Nonostante la grossa spesa e l’incertezza, Francesca decide comunque di procedere, e di sanare la casa.

«Tutte le spese della sanatoria, dell’architetto e del geometra le ho pescate da quello che rimaneva un po’ a me e da quello che aveva mio papà. Forse qualcosa me l’aveva dato anche mia zia. E so che poi, ero rimasta veramente a zero. Contavo tutto sulla vendita».

Il pensiero di non farlo, di continuare ad abitare quella casa ogni tanto la sfiora.

«Io ho sempre pensato a cosa avrei fatto se fossi rimasta in quella casa. Bisognava avere una forza mentale fortissima per svegliarsi la mattina e cercare lavoro, andare a fare la patente, tornare a casa la sera nello stesso luogo dove tutto era accaduto, farsi da mangiare».

Il momento della rinascita

Finalmente riesce a vendere la casa per 265mila euro. Dopodiché trova lavoro a Padova e si trasferisce. Guadagna 1100 euro al mese, ma i soldi della vendita non li tocca per due anni…

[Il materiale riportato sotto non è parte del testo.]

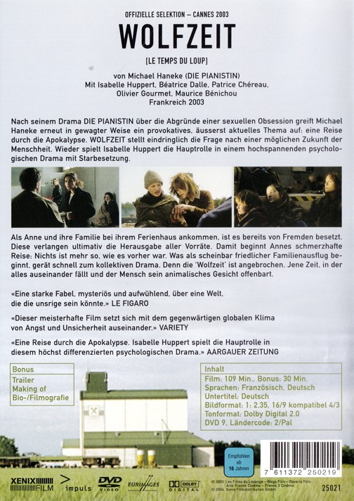Als Anne und ihre Familie in ihrem Ferienhaus ankommen, ist es bereits von Fremden besetzt. Diese verlangen ultimativ die Herausgabe aller Vorräte. Damit beginnt Annes schmerzhafte Reise: Nichts ist mehr, wie es war. Denn die "Wolfzeit" ist angebrochen. Jene Zeit, in der alles aueinander fällt und der Mensch sein animalisches Gesicht offenbart. Was als scheinbar friedlicher Familienausflug beginnt, entwickelt sich zum kollektiven Drama.

«Era da pazzi. La banca mi chiamava regolarmente chiedendomi cosa ne volessi fare di tutti quei soldi. Io sono andata via da casa di mia zia lasciando un po’ di soldi per tutto l’aiuto ricevuto, ho trovato una stanza in affitto a Padova e un garage a Favaro dove mettere tutte le cose che avevo salvato dalla casa. C’erano le cose dei miei genitori, dei miei nonni, e ho dovuto venderle, buttarle, regalarle. Il garage lo pagavo 70 euro al mese, invece la stanza a Padova 320 euro. Avevo circa 400 euro di spese al mese, ma li attingevo dal mio stipendio».

Durante la pandemia, però, grazie anche all’aiuto di una psicoterapeuta, si rende conto dell’importanza di avere uno spazio dove provare a sentirsi a casa di nuovo.

«Quando c’è stata la pandemia, tutti i miei coinquilini sono tornati alle rispettive famiglie. Io rimanevo là perché non avevo un altro posto dove andare. Quindi, con la psicologa abbiamo ragionato su quanto fosse importante che io comprassi una casa. Ed effettivamente, era vero».

E così Francesca compra un piccolo appartamento a Padova senza nemmeno dover fare un mutuo. E intanto elabora la sua storia di lutto attraverso un podcast on air dal 29 maggio 2024 “Si muore una volta sola”, in cui dialoga con psicologi, necrofori, costruttori di urne di design, scrittori di libri per bambini…

“Se io penso alla mia idea di casa, ho sempre in mente la mia. Però, l’appartamento in cui sono adesso rappresenta un po’ quel luogo di salvezza, perché qualsiasi cosa accada, io ho il mio posto. È praticamente la loro eredità, anche se non è la stessa casa di una volta. Penso che nella sfortuna c’è stata la fortuna di trovare una soluzione perché ci sono tante persone che devono rinunciare a un’eredità e ripartire da zero, con due trolley e una macchina.”